The Narcotic Drugs and Psychotropic Substances Act, 1985, also known as NDPS Act, prohibits a person from producing, manufacturing, cultivating, selling, purchasing, possessing, transporting, storing or consuming any narcotic drugs or psychotropic substances. The Narcotic Drugs and Psychotropic Substances Act came into force from November 14th, 1985. It applies to all the citizens in India and outside of India having Indian citizenship. Also, it applies to all the persons on ships as well as aircraft registered in India.
Punishment for a person who violates the NDPS Act is based on the quantity of the banned substance.
- If a violation involves a small quantity, the punishment can be the rigorous imprisonment for a term may extend to 1 year and/or fine may extend to Rs. 10000.
- If the violation involves a quantity lesser than the commercial quantity but larger than a small quantity, the punishment can be the rigorous imprisonment for a term may extend to 10 years and fine may extend to Rs. 1 Lac.

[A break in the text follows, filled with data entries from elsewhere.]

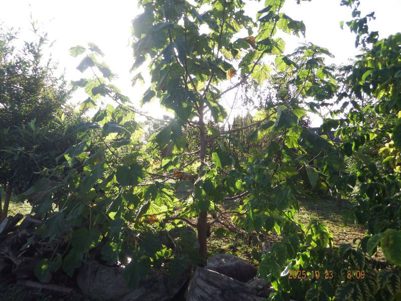 家庭菜園に植えている、ビービーツリーの雌雄同株ですね。
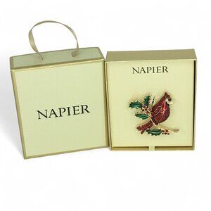 Add a festive sparkle to your holiday wardrobe with this stunning Napier Red Cardinal Christmas Brooch.
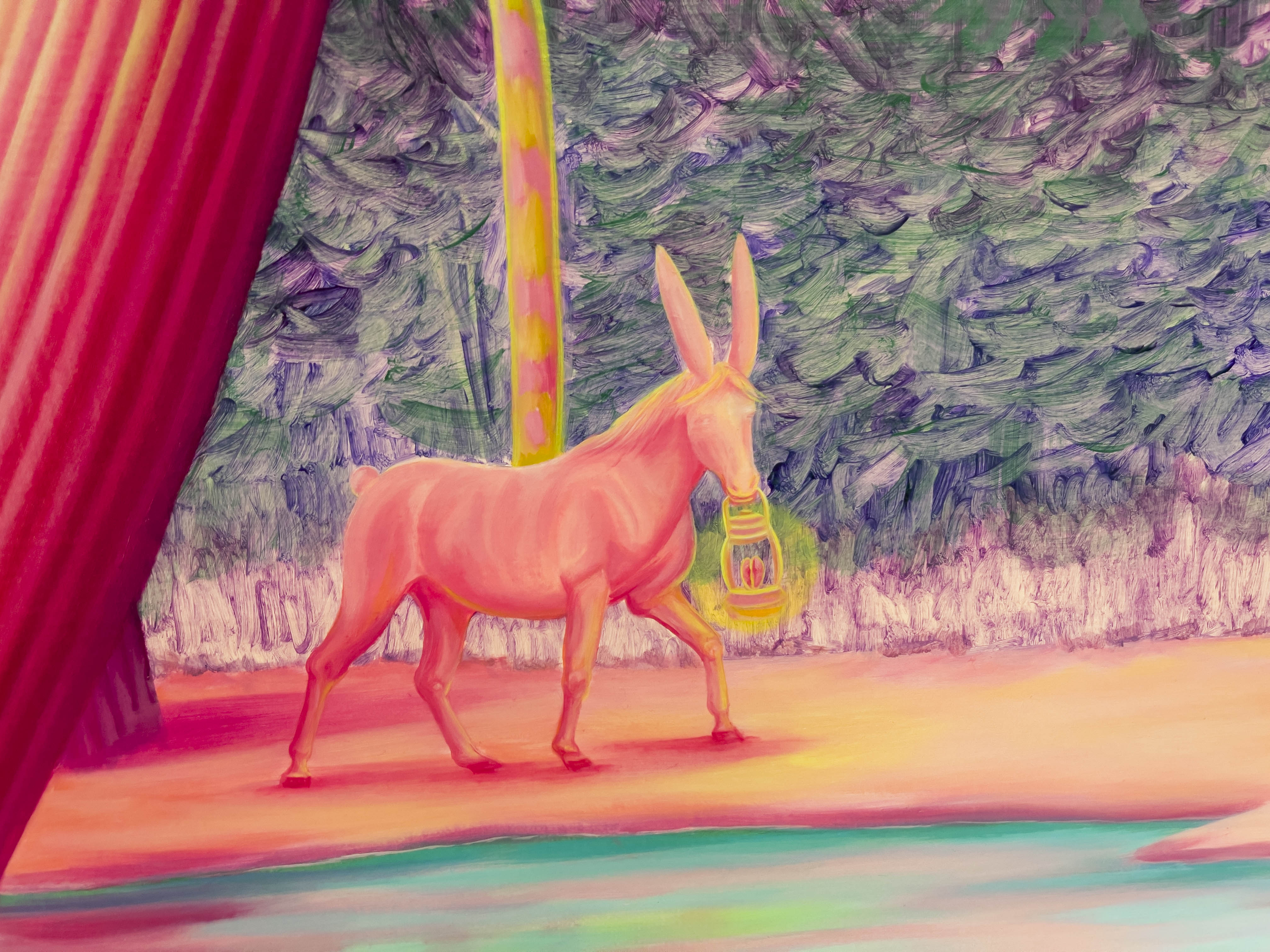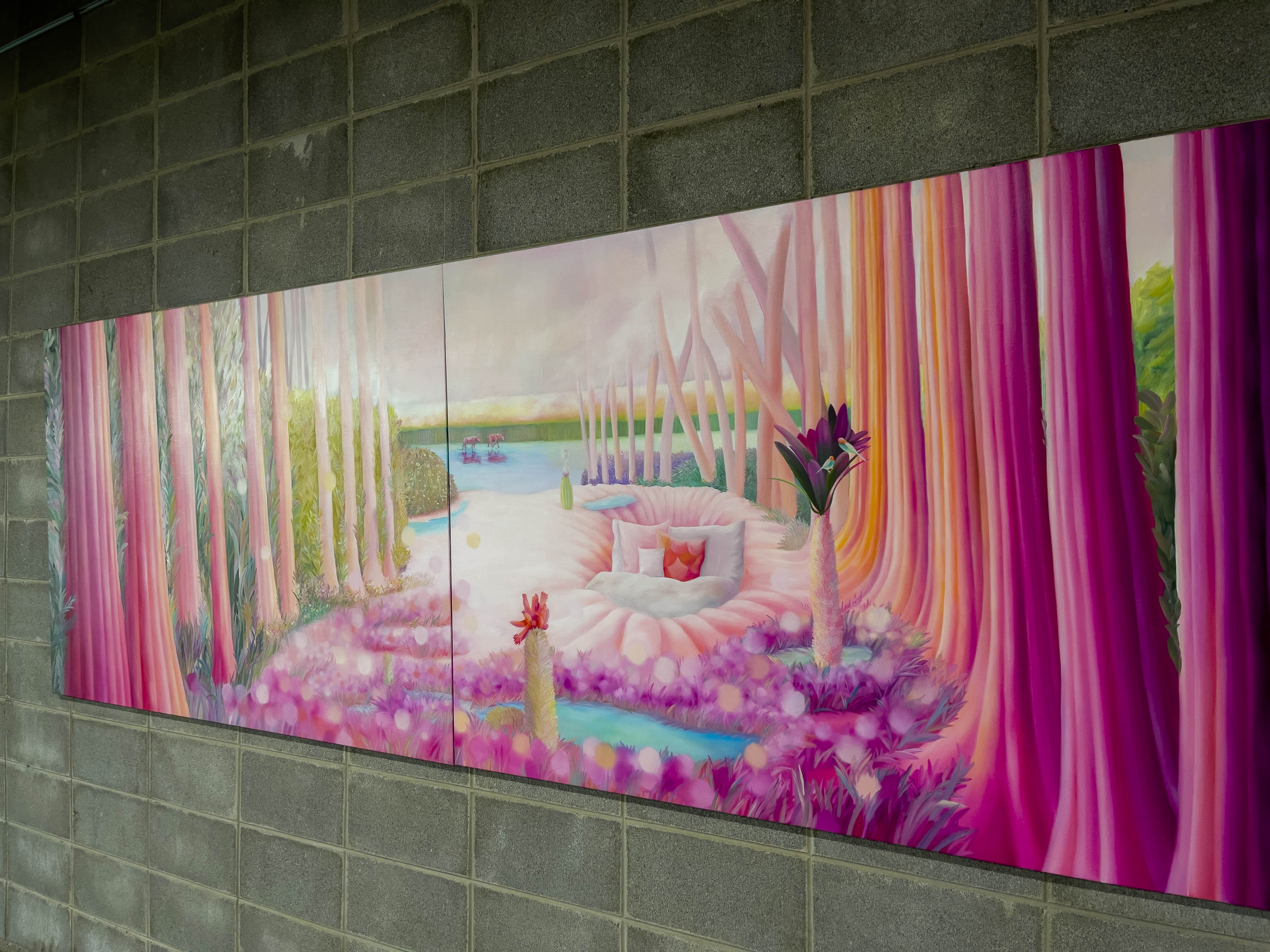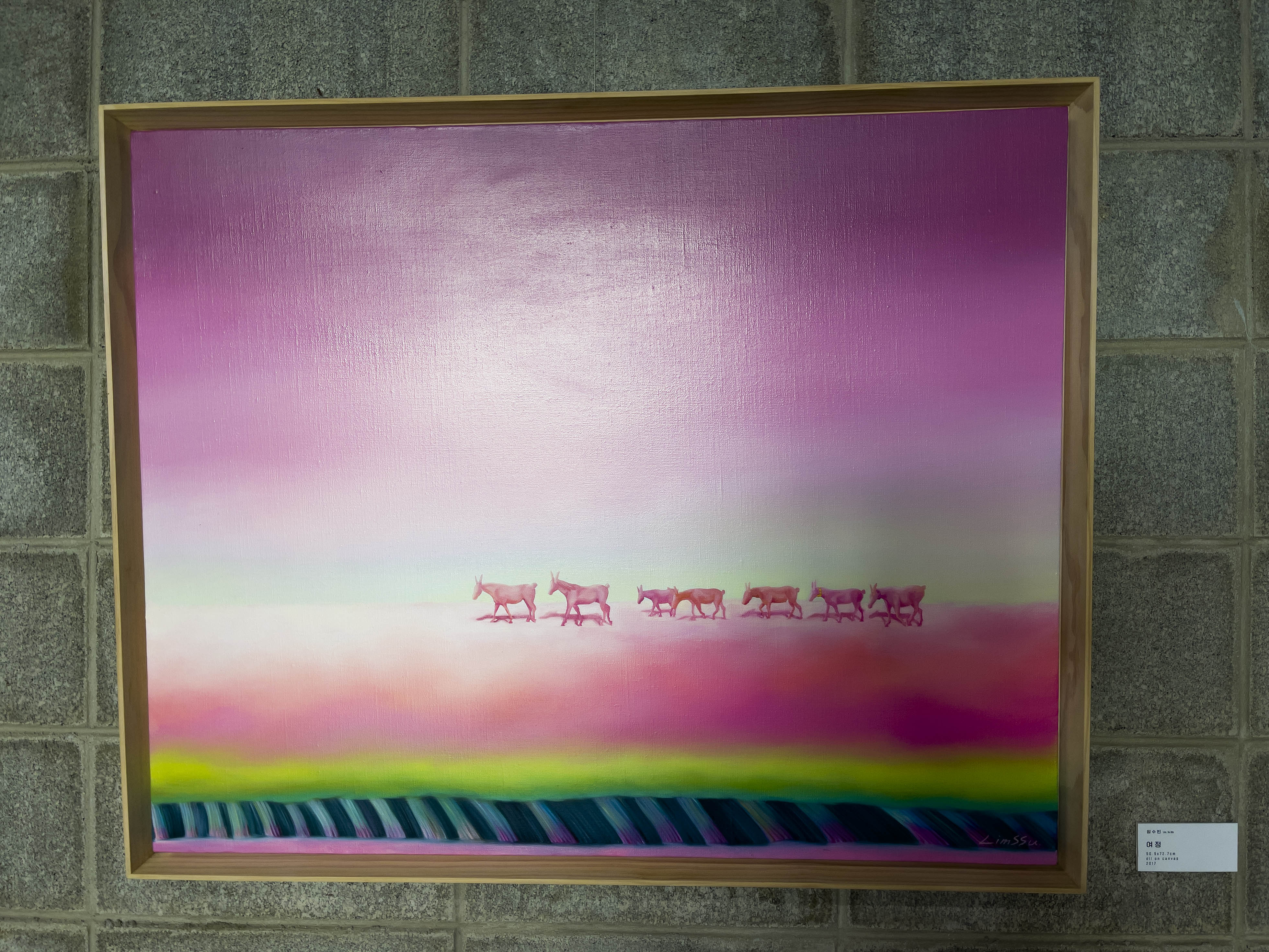 두 작가님의 콜라보로 전시가 되어있는데 울산 출신의 임수빈 작가는 캔버스 화면에 만들어내는 '핑크 월드'의 유토피아를 찾아나서는 나의 모습을 분홍말에 투영해 현실에서는 경험할 수 없는 독특한 환경과 묘한 분위기를 보여줍니다.

- If the violation involves commercial quantity, the punishment includes rigorous imprisonment for a term which will not be less than 10 years & may extend to 20 years and fine which will not be less than Rs. 1 Lac & may extend to Rs. 2 Lac.
NI Act - Section 138
A cheque is widely using the method of payment while doing money transactions. Post-dated cheques are frequently used in businesses. It is issued to the payee by the drawer of the cheque for the future. Due to the future date mentioned on the cheque payee cannot encash it before the date. However, it is the responsibility of a drawer of the cheque to ensure a sufficient amount in the bank.

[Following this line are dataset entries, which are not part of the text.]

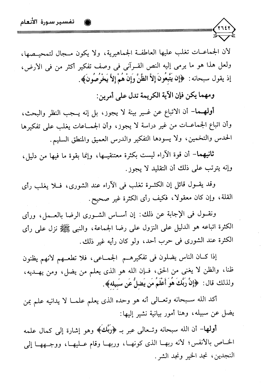 إذا كان الناس يضلون في تفكيرهم الجماعي، فلا تطعهم لأنهم يظنون ظنا، والظن لَا يغني من الحق، فإن الله هو الذي يعلم من يضل، ومن يهديه، ولذلك قال:
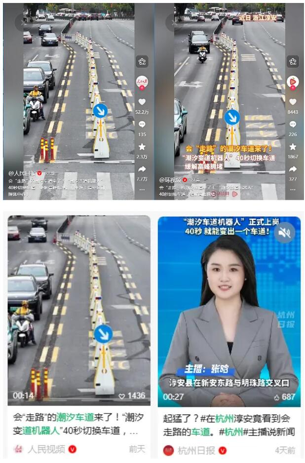 潮汐車道機器人在杭州的 “首秀”,迅速獲得官方媒體矩陣全方位聚焦,形成 “從地方到中央、從圖文到視頻” 的傳播熱潮:
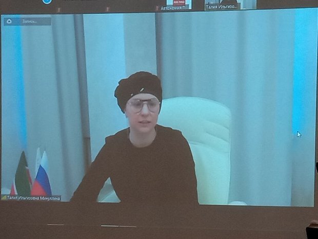 By the way, the head of the Investment Development Agency herself spoke remotely — via Zoom. The official, who periodically surprises the public with her hijabs, put on a headdress and a dark dress with long sleeves that time. The neck and ears remained open.
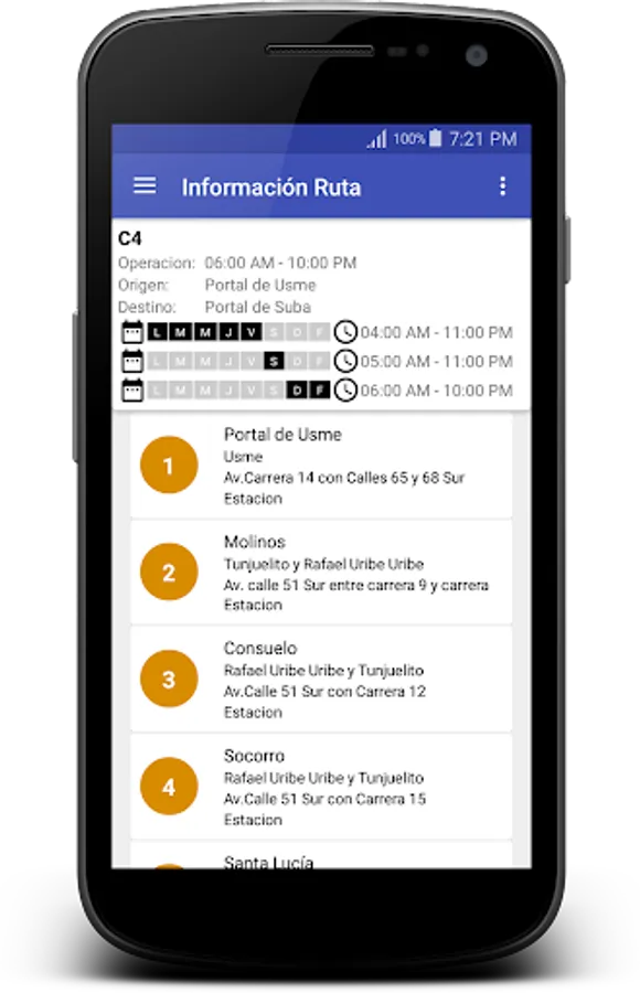 * Information about the selected bus (Number of stops and traffic schedules from Monday to Sunday and holidays).

The Negotiable Instruments Act, 1881, known as NI Act, was introduced during the time of British to deal with the negotiable instruments such as cheques, bills of exchange, promissory notes, etc. Section 138 - 142 was introduced in the Act to implant confidence in the efficiency of banking operations and give credibility to negotiable instruments employed in business transactions. If a drawer issues a cheque to the payee and payee accepts the same on the faith that he or she will get credited the payment on the due date.
The provision provided under sections 138 to 142 of the Act is to ensure that the issued cheques as a mode of deferred payment should be honoured. A case of dishonour can be filed according to section 138.

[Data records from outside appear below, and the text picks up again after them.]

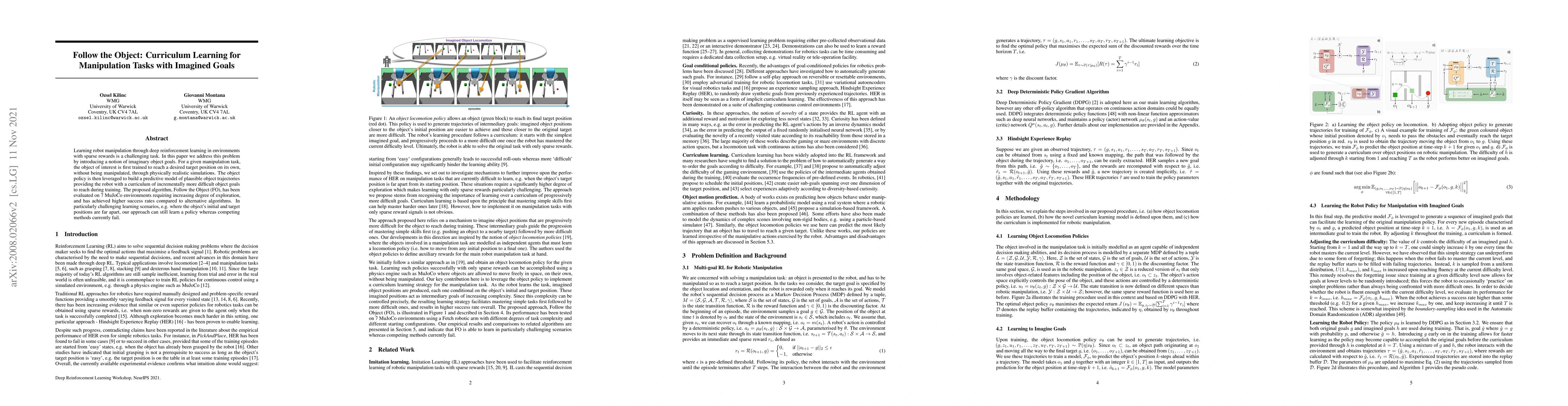 Learning robot manipulation through deep reinforcement learning in environments with sparse rewards is a challenging task. In this paper we address this problem by introducing a notion of imaginary object goals. For a given manipulation task, the object of interest is first trained to reach a desired target position on its own, without being manipulated, through physically realistic simulations. The object policy is then leveraged to build a predictive model of plausible object trajectories providing the robot with a curriculum of incrementally more difficult object goals to reach during training. The proposed algorithm, Follow the Object (FO), has been evaluated on 7 MuJoCo environments requiring increasing degree of exploration, and has achieved higher success rates compared to alternative algorithms. In particularly challenging learning scenarios, e.g. where the object's initial and target positions are far apart, our approach can still learn a policy whereas competing methods currently fail.
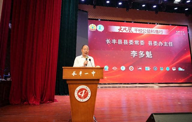 启动仪式由董流和胡皓玮主持。李多魁在致辞中对到场嘉宾和师生表示热烈欢迎。他表示,长丰县高度重视校园安全与青少年科学素养,此次活动是践行“生命至上、安全第一”理念、推动科普与素质教育融合的重要举措。活动以“火”鉴安全、以“书”传爱心、以“行”筑平安,助力长丰县构建起中小学安全教育新格局,让安全理念深植于师生心中。
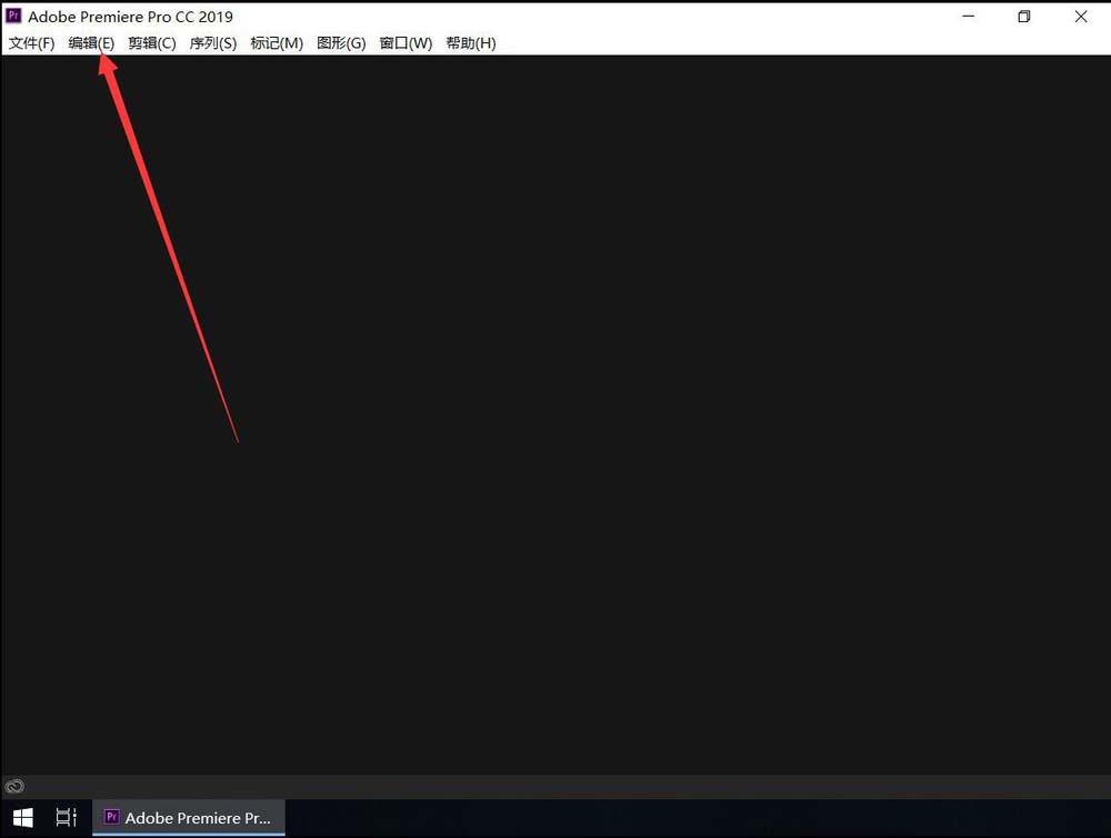 3、打開Pr后,點(diǎn)擊軟件頂部工具欄上 的“編輯”。
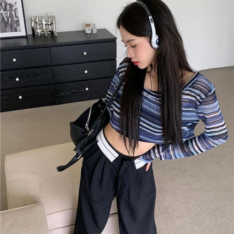 Godyq-女性用長袖Tシャツ,セクシー,ストライプ,透かし彫り,ストリートウェア,すべてにマッチ,新しい夏のコレクション_258

Following are requirements for complying with section 138:
- A person should have issued a cheque to another person for payment of debt or liability.
- An issued cheque must be presented in the bank within three months.
- A cheque returned by the bank unpaid with the reason of insufficient funds in the bank holder's account or the amount mentioned on the cheque exceeds the allowable amount as per the agreement of the drawer with the bank.
- A payee demands payment by sending a notice to the drawer within 15 days of getting information from the bank in case of return of unpaid cheque.
- A drawer fails to make a payment to the payee within 15 days of receiving the notice.
The procedure follows to resolve the matter under Section 138 of the Act:
- A legal notice should be issued to the drawer within 15 days of dishonour of cheque, and a drawer must pay within 15 days of receiving notice. The issue is settled if payment is made in time. In case of the payment failure, a payee can file a criminal case under section 138 of the Act within 30 days from the expiry of serving period to drawer.
- A complainant should appear in the witness box with the relevant details to file a case. The court will send a summons to the accused to appear before the court on finding the presented details are satisfied.
- A bailable warrant may issue if the drawer or accused does not appear in the court. Even after it, if the accused does not appear, a non-bailable warrant may be issued.
- On the appearance of the accused and in the proceeding if he is found guilty, the court will post the matter of punishment. If the accused denies the charges, he will be served with the copy of the complaint.
- The accused will be allowed to present his side with the documents and witnesses.
- After proceedings, the court will pass judgement. Both complainant and accused can further appeal in the High Court on the unsatisfied decision.